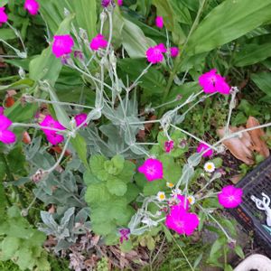 畑のよこのスペースにはひとりむすめが、、、 種から育ち、植え付けを待つマリーゴールド。 出先で見かけた野草とバラ
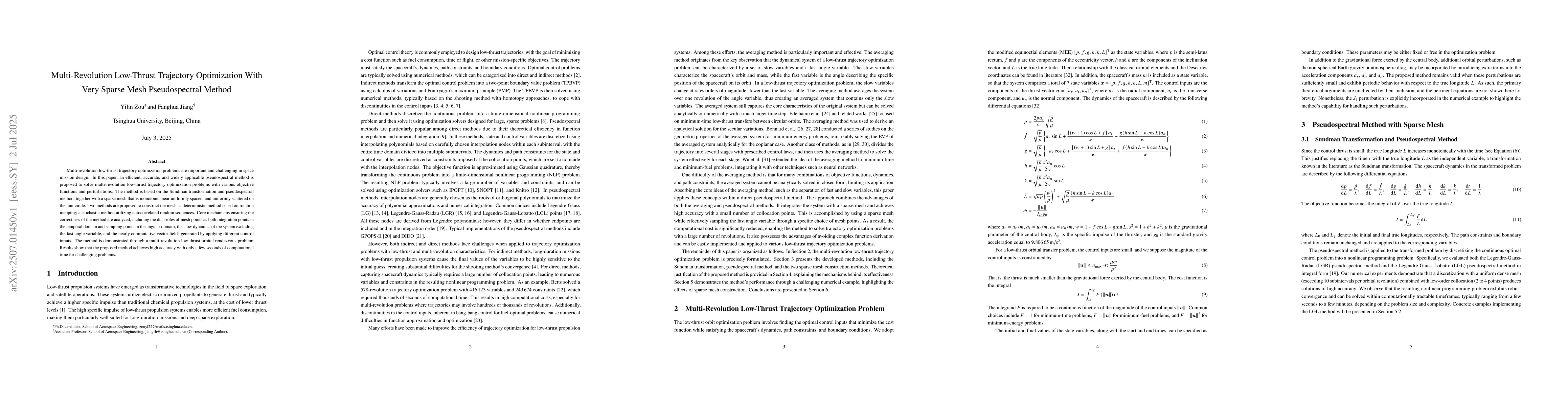 Multi-revolution low-thrust trajectory optimization problems are important and challenging in space mission design. In this paper, an efficient, accurate, and widely applicable pseudospectral method is proposed to solve multi-revolution low-thrust trajectory optimization problems with various objective functions and perturbations. The method is based on the Sundman transformation and pseudospectral method, together with a sparse mesh that is monotonic, near-uniformly spaced, and uniformly scattered on the unit circle. Two methods are proposed to construct the mesh: a deterministic method based on rotation mapping; a stochastic method utilizing autocorrelated random sequences. Core mechanisms ensuring the correctness of the method are analyzed, including the dual roles of mesh points as both integration points in the temporal domain and sampling points in the angular domain, the slow dynamics of the system excluding the fast angle variable, and the nearly commutative vector fields generated by applying different control inputs. The method is demonstrated through a multi-revolution low-thrust orbital rendezvous problem. Results show that the proposed method achieves high accuracy with only a few seconds of computational time for challenging problems.
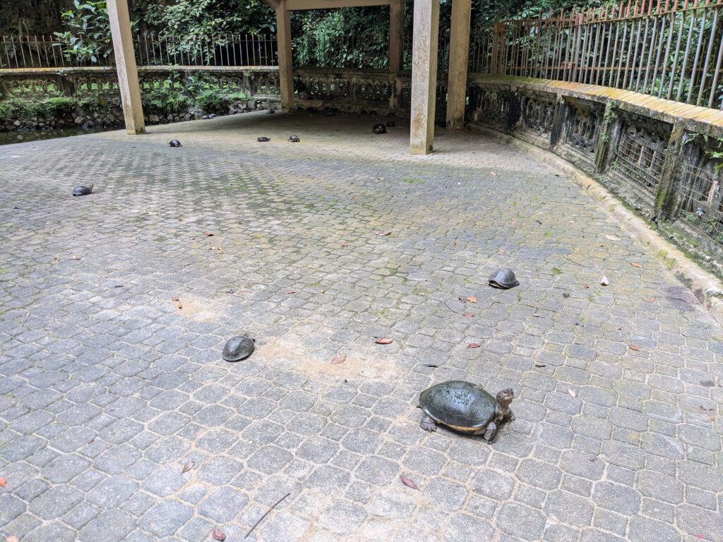 Outside, there was a beautiful koi pond garden out front, and turtles with a red pagoda in the back.
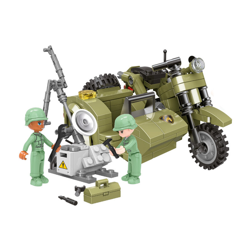 Ребенок сможет собрать модели мотоцикла и станции спутниковой связи, а фигурки, входящие в набор, сделают игру еще интереснее.

• [Exercise details]: Copy out all the data exactly. No images belong in the copy.

• [Your response]:
 畑のよこのスペースにはひとりむすめが、、、 種から育ち、植え付けを待つマリーゴールド。 出先で見かけた野草とバラ
 Multi-revolution low-thrust trajectory optimization problems are important and challenging in space mission design. In this paper, an efficient, accurate, and widely applicable pseudospectral method is proposed to solve multi-revolution low-thrust trajectory optimization problems with various objective functions and perturbations. The method is based on the Sundman transformation and pseudospectral method, together with a sparse mesh that is monotonic, near-uniformly spaced, and uniformly scattered on the unit circle. Two methods are proposed to construct the mesh: a deterministic method based on rotation mapping; a stochastic method utilizing autocorrelated random sequences. Core mechanisms ensuring the correctness of the method are analyzed, including the dual roles of mesh points as both integration points in the temporal domain and sampling points in the angular domain, the slow dynamics of the system excluding the fast angle variable, and the nearly commutative vector fields generated by applying different control inputs. The method is demonstrated through a multi-revolution low-thrust orbital rendezvous problem. Results show that the proposed method achieves high accuracy with only a few seconds of computational time for challenging problems.
 Outside, there was a beautiful koi pond garden out front, and turtles with a red pagoda in the back.
 Ребенок сможет собрать модели мотоцикла и станции спутниковой связи, а фигурки, входящие в набор, сделают игру еще интереснее.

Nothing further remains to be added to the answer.